Declaración vigente
Como en 1948, los derechos humanos deben seguir siendo una aspiración y una exigencia
Hace hoy 60 años, la Asamblea General de Naciones Unidas aprobó la Resolución 217 A (iii), que contenía la Declaración Universal de los Derechos Humanos. Como tantos otros documentos de la época, empezando por la Carta de Naciones Unidas, la Declaración emanaba de un decidido compromiso internacional con la paz tras los horrores vividos durante la Segunda Guerra Mundial. La Carta articuló un sistema para la convivencia pacífica entre los Estados que, con más o menos dificultades, ha contribuido a evitar el estallido de un nuevo conflicto generalizado o que considere la destrucción total como una alternativa. La Declaración se proponía, a su vez, subrayar el vínculo que existe entre la paz internacional y el reconocimiento de un núcleo de derechos y libertades irrenunciables de los individuos. Esta voluntad fue resultado de la experiencia vivida en el momento de la aprobación: antes de desarrollar su proyecto expansionista, las potencias totalitarias que desencadenaron la guerra más mortífera de la historia empezaron por negar los derechos y libertades de sus ciudadanos.
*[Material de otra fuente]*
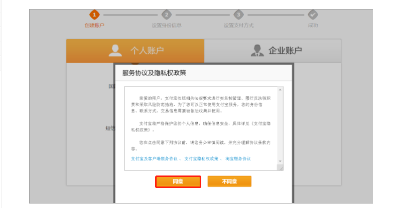 ## 2、点击【**同意**】服务协议及隐私权政策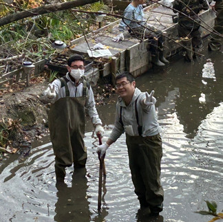 また、胴長を着装したメンバーが池に入り、蓮の苗を植えました。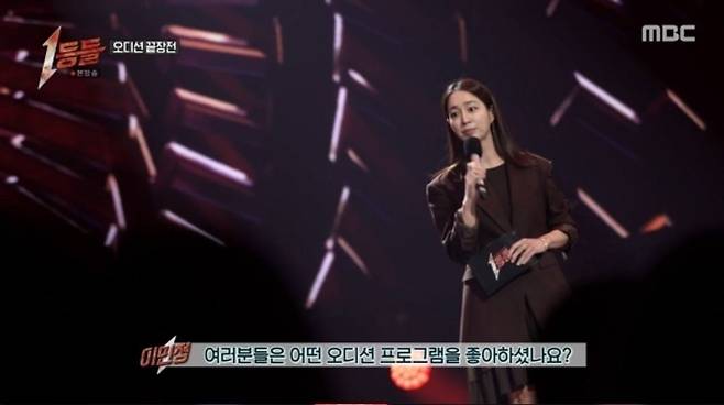 15일 저녁 MBC '1등들'에는 역대 음악 오디션 우승자들이 한자리에 모여 통합 챔피언을 가리는 경연이 펼쳐졌다. MC 이민정은 "1등들만 모아 1등 중의 1등을 뽑는 오디션 끝장판"이라며 "3등 안 되고, 2등 안 된다. 오직 1등들만 설 수 있는 무대"라고 강조했다.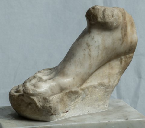- Mythische Figur (Gottheit): lebensgroßer nackter rechter Fuß mit angehobener Ferse.
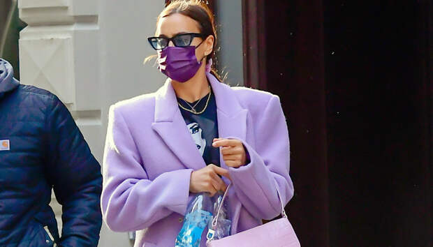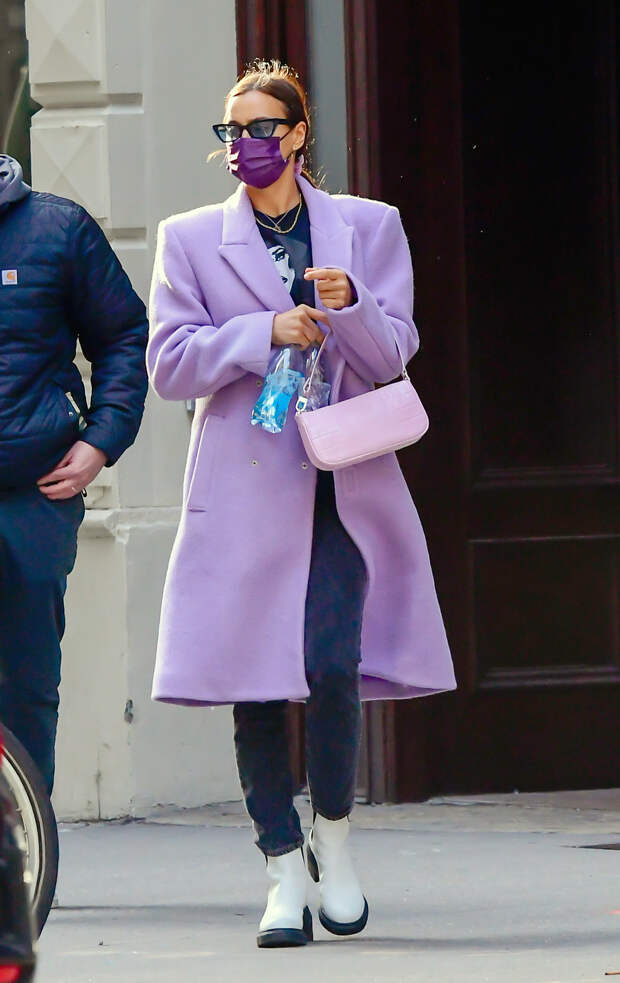 Ирина обратила внимание на один из самых популярных оттенков последних сезонов — лавандовый. И это идеальный выбор для межсезонья — одновременно нежный и заметный. Модель решила сыграть на контрастах, выбрав пальто в таком изящном пастельном оттенке — но с массивными маскулинными плечами. Таким образом, она поддержала тренд на акцентированные плечи в духе 80-х — но смягчила этот жесткий силуэт мягкостью выбранного тона. К такой заметной вещи она подобрала миниатюрную сумочку-багет в тон (одна из самых модных форм сезона) и белые ботинки челси, уже успевшие стать бесспорной классикой жанра. В остальном яркость образа была сбалансирована простыми черными скинни-джинсами и футболкой с принтом. Последний завершающий штрих — защитная маска насыщенного сливового оттенка. Все эти элементы вполне возможно включить и в свой гардероб — не стоит бояться ярких решений.

A lo largo de su más de medio siglo de vigencia, la Declaración se ha enfrentado a las mismas dificultades que otros textos fundacionales del orden internacional de nuestros días. Sus disposiciones han sido ignoradas tanto en el plano interno -según hicieron las incontables dictaduras de la segunda mitad del siglo XX- como también en las disputas entre Estados, más mortíferas en muchas ocasiones para las poblaciones civiles e indefensas que para los propios contendientes. Pero la paradoja que ha hecho de la Declaración un texto excepcional es que las incontables violaciones que ha padecido y que, por desgracia, sigue padeciendo no han impedido que se consolide como un referente moral de nuestro tiempo y como un imperativo capaz de trascender las fronteras y las ideologías.
No existe Constitución democrática posterior a 1948 que no se haya inspirado en sus artículos. Como tampoco se sabe de muchas dictaduras que se hayan atrevido a rechazarlos abiertamente, sin recurrir a subterfugios que van desde la celosa ocultación de las violaciones de los Derechos Humanos a la elaboración de teorías sobre la necesidad de interpretar la totalidad de la Declaración en virtud de las diversas tradiciones. Si este último fue uno de los riesgos que hubo que conjurar a finales del siglo XX para evitar que los Derechos Humanos se convirtieran en papel mojado, el nuevo peligro que se ha manifestado en los albores del siglo XXI es el de imaginar que la Declaración encarna una causa tan justa como para ser servida por cualquier medio, incluido el uso unilateral de la fuerza.
Los 60 años transcurridos desde su aprobación no han hecho envejecer un texto que contiene el más noble legado de una época trágica. La Declaración Universal de los Derechos Humanos sigue vigente y debe seguir estándolo. Como aspiración y también como exigencia.